Processing algorithm. Algorithm 2 computes the Star Join using random access, as depicted by the workflow in Fig. 4. The algorithm receives as input a Star Join query Q, a fact table F, a set of dimensions ${D_{j}}$ , and a set of dBJIs ${B i t}$ . Lastly, the argument JoinMethod $(\cdot)$ of Algorithm 2 can be any join algorithm (e.g. cascade join or a broadcast join). The algorithm starts by the Processing Layer loading the necessary bitmap structures and construct S ${}_{Q}= \cup_{j} B i t_{Q}^{P_{j}}$ on line 1 (green lines in Fig. 4). In line 2, this list is passed through DistributedRandomAccess $(\cdot)$ to the Access Layer to employ the primary index and retrieve the necessary tuples from the fact table (blue lines).
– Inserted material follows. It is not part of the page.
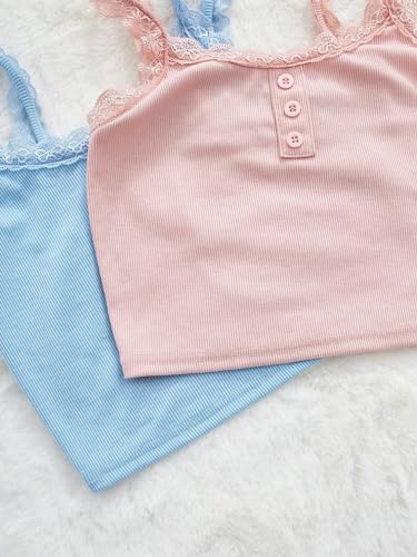 Milumia Girl's 2 Pack Cute Lace Trim Ribbed Camisoles Button Front Cami Crop Tops 2

Then, the dimension tables required in the query Q are loaded via full scan (blue lines below the Full Scan sign), filtered, and joined with the fact table in lines 3-6 (red lines). If necessary, the result can be grouped and/or sorted between lines 6 and 7, depending on the clauses present in the query Q.

Workflow of our solution on a Hadoop-based instance of the architecture and distributed Bitmap Join Index (dBJI).

Complexity. Because of the complexity in evaluating $Q$ from Theorem 1, Algorithm 2 processes Star Joins in linear time. Although the specific methodology depends on the specific implementation, the distributed random access performed in line 2 retrieves the list in $Q$ one by one, i.e., it runs in linear time. Lines 3 through 6 in Algorithm 2 retrieve the dimensions involved and performs a join operation.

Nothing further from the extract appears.